Selain itu, bea cukai daratan mengumumkan pada Rabu pagi penangguhan impor buah jeruk dan beberapa impor ikan beku dari pulau itu.
Itu juga menangguhkan ekspor pasir alam, yang menurut laporan Taiwan bersumber lebih dari 90 persen dari daratan.
Selama konferensi pers Kementerian Luar Negeri China pada hari Rabu, banyak wartawan khawatir dengan tindakan balasan apa yang akan dilakukan pemerintah China dan apakah Beijing akan memberikan sanksi kepada pulau itu atau Pelosi, dan beberapa menindaklanjuti dengan pertanyaan seperti bagaimana China akan menghukum mereka yang tersinggung.
"Dari pertanyaan-pertanyaan itu, saya percaya bahwa kita semua menganggap langkah Pelosi sangat salah, sehingga harus dihukum," kata juru bicara kementerian Hua Chunying.
"Mereka akan menuai apa yang mereka tabur. Penanggulangan yang relevan akan kuat dan efektif, AS dan separatis di Taiwan akan merasakan dampaknya," katanya.
Sampai Pelosi tiba di bandara Songshan Taipei pada Selasa malam, pihak China belum mengadopsi salah satu cara yang mungkin dispekulasikan oleh opini publik dalam menanggapi provokasi: PLA dapat mengirim pesawat tempur dan kapal perang untuk mengawal pesawatnya.
Namun, beberapa ahli mengatakan bahwa ketika datang ke penanggulangan militer, salah satu faktor yang harus dipertimbangkan adalah menghindari konflik militer atau tembakan dalam mengadopsi penanggulangan.

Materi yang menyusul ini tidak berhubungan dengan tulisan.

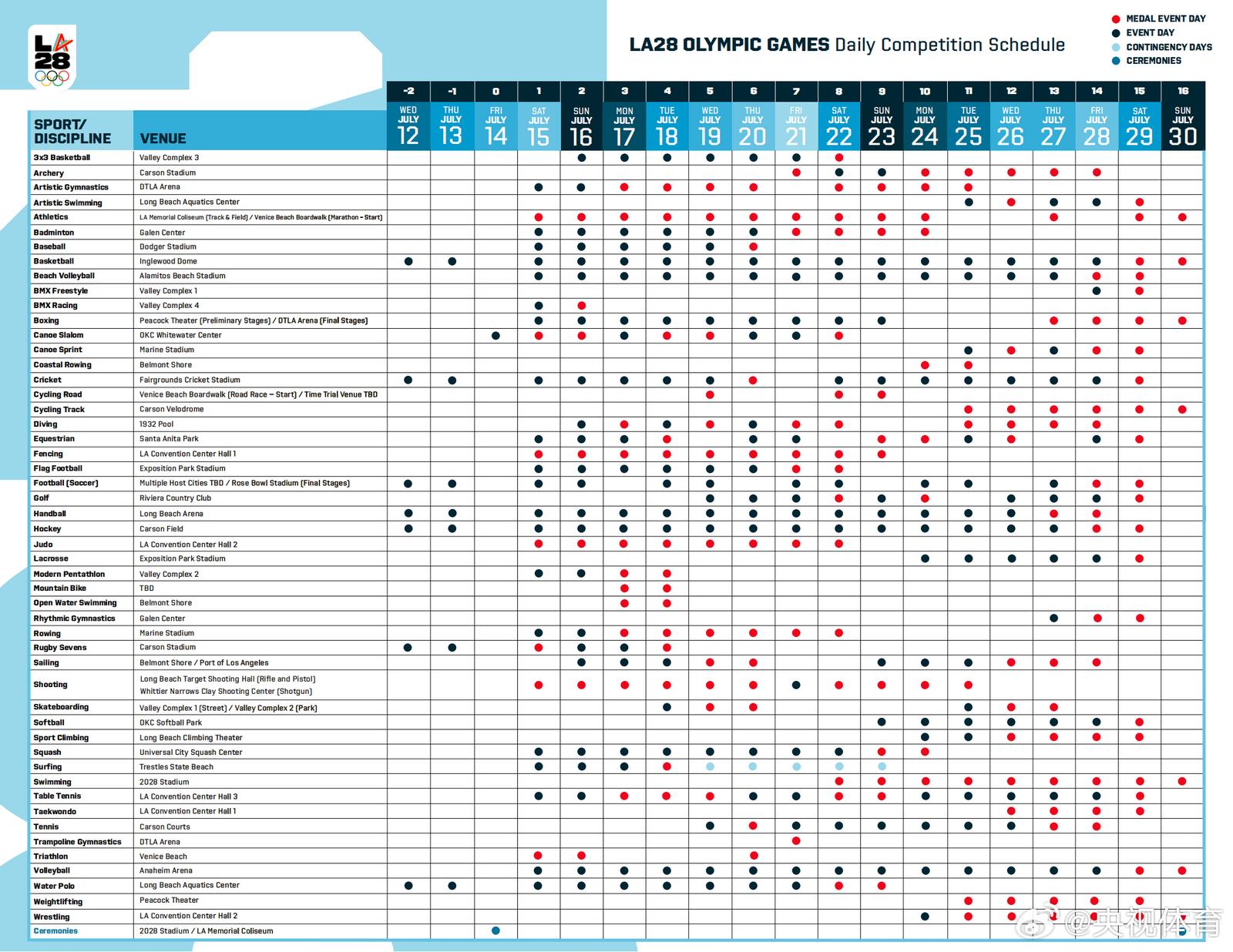 2028洛杉矶奥运会倒计时三周年之际,官方赛程正式公布。同时,洛杉矶奥运会开闭幕式时间确定。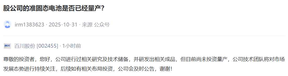 百川股份:已研发准固态电池的相关成品 尚未投资量产

Ketika datang untuk mengirim pesawat tempur untuk mencegat pesawat Pelosi, penanggulangan jarak dekat seperti itu dapat dengan mudah menyebabkan insiden tembakan.
"Tidak perlu melancarkan perang dengan AS sekarang, karena itu tidak sejalan dengan strategi nasional kami," Jin Canrong, dekan dari School of International Studies di Renmin University of China, mengatakan kepada Global Times pada hari Rabu.